On Aug. 27, 1861, educators gathered at the Baptist Church in Rochester to form the Minnesota State Teachers Association, which then became the Minnesota Education Association which then became Education Minnesota.

Before the union—between 1841 and 1860—men teaching in rural schools could expect to earn $4.15 to $6.30 a week. Men teaching in urban areas were paid $11.93 to $18.07 a week. Women earned less.

“Imagine what it was like for the teachers, back in the day, to make the decision that teachers in our area needed to band together to achieve a greater purpose,” said Kuhlman. “For us to be here today, with approximately 1,300 members working with 18,000 students, is an incredible feat. I wonder if the educators that formed and chartered the Rochester Education Association ever imagined what we would grow into over the next 100 years.”

Nearly 100 educators, including teachers, college professors and administrators, came to Rochester for that first union gathering in 1861.

“The desirableness of such a meeting must be apparent to all.
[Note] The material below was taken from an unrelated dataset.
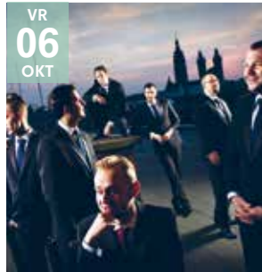
KLASSIEK GENTLEMEN SINGERS (Tsjechië)

Dit mannenoctet brengt een uniek repertoire van werken variërend van Oude Muziek tot eigentijdse popmuziek.

Every profession and every interest should be represented and guarded by its own members or adherents,” said John Ogden, principal of the First State Normal School in Winona, in an advertisement for the convention.

The MSTA constitution stated it was organized “to elevate the character and advance the interest of the profession of teaching and to promote the cause of popular education in the United States.”

The early fights for the MSTA included improved compensation and stringent teacher certification standards.

Looking back is a way to celebrate and honor the work of the union, especially given all that has happened during the pandemic, said Kuhlman.

“When you look back at all the work that our educators have done over the course of our time in COVID, it is truly amazing,” he said. “We have retooled education faster than any other time that I can think of in the history of education. Not only did educators do this, but they balanced it with their own personal needs for how to keep their children learning while they were gone. We continue today addressing the students that are learning in the classroom and those that are quarantined and are still needing to learn. This is only being accomplished because we are working together to meet those needs.”